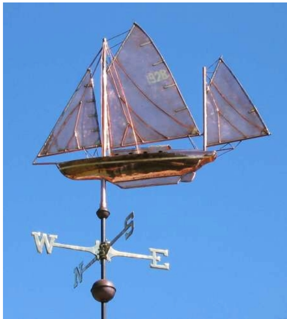
Sailboat Weathervane, Gaff Rigged Yawl
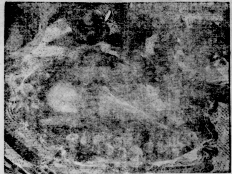
Elmer Consumer Service, Inc.

7 room house, 2 acres of land and well, and small 2 room house and well on Okra road in Carbon all for sale.—see W. T. Gibbons,
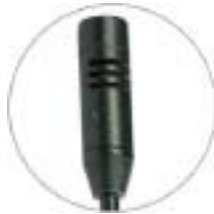
high sensitive condenser microphone
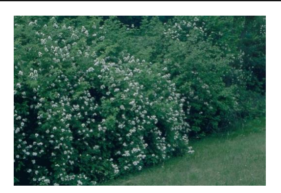
Multiflora Rose (Rosa multiflora)

Description: The coarsely toothed leaves give off a garlic-like odor when crushed. It grows quickly in the early spring, when most native species are dormant. It flowers in spring and dies off by late June leaving seedpods. It is edible.
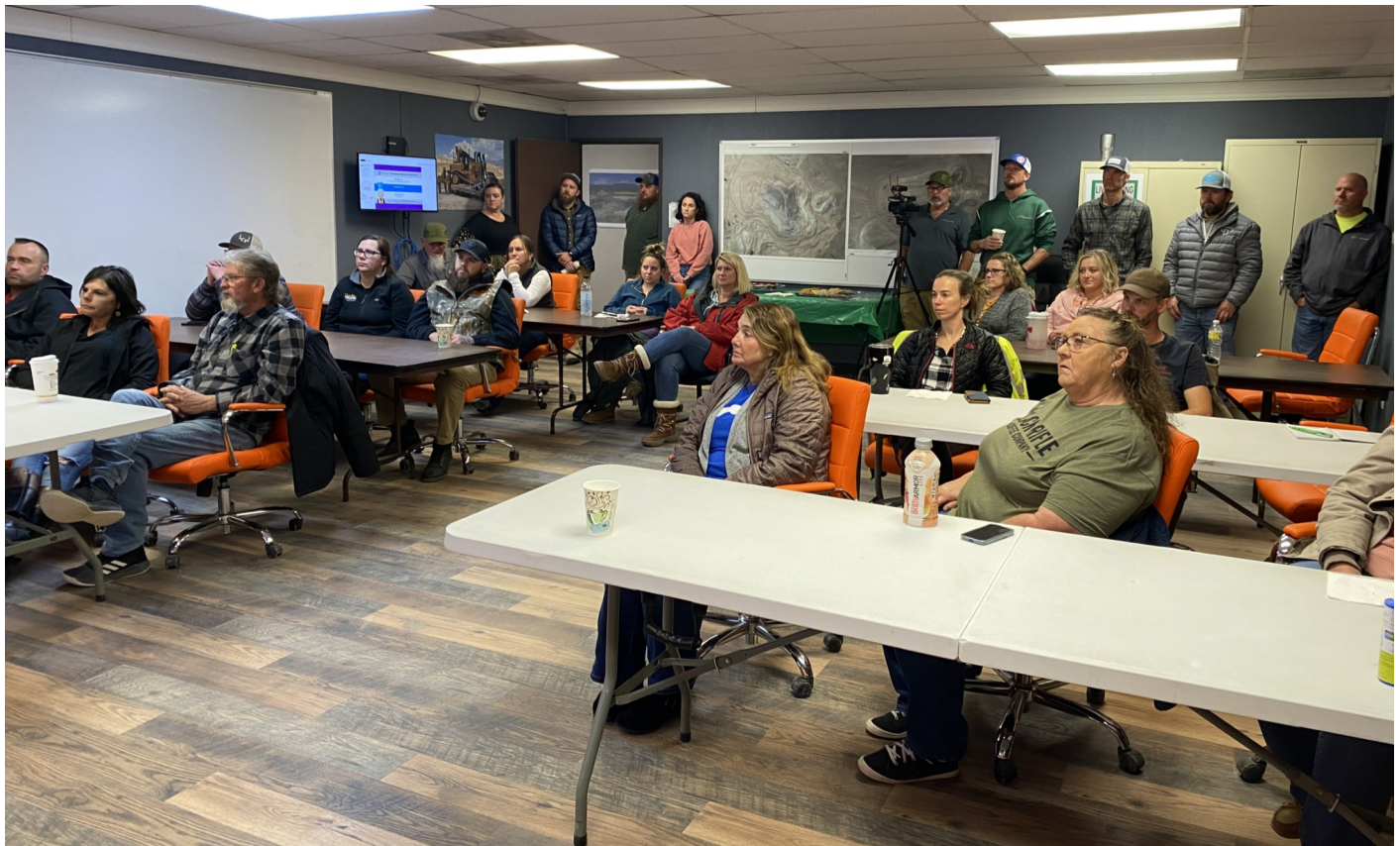
The group of a couple dozen interested community members attended the Town Hall on November 17, held in the newly renovated Safety Building.
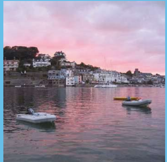
- A Salcombe sunset
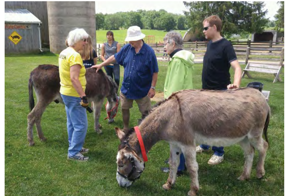
Our first Open Day "Celebrating Seniors" was a lovely day in the country. Join us September 13 th for our next one!

August marks the 25 th anniversary of The Donkey Sanctuary of Canada and we'd like to mark this milestone with our visitors - of course! On Wednesday, August 23 rd , the farm will be decorated in style, and we'll have celebration cake for everyone. We hope you can come for a visit and help us celebrate!

** TASK DESCRIPTION **
In the records above, find the line with "Elmer Consumer Service, Inc." and the line with "Description: The coarsely"; please transcribe exactly those two lines and all lines between them, omitting any picture.

** OUTPUT FOR THIS TASK **
Elmer Consumer Service, Inc.

7 room house, 2 acres of land and well, and small 2 room house and well on Okra road in Carbon all for sale.—see W. T. Gibbons,
high sensitive condenser microphone
Multiflora Rose (Rosa multiflora)

Description: The coarsely toothed leaves give off a garlic-like odor when crushed. It grows quickly in the early spring, when most native species are dormant. It flowers in spring and dies off by late June leaving seedpods. It is edible.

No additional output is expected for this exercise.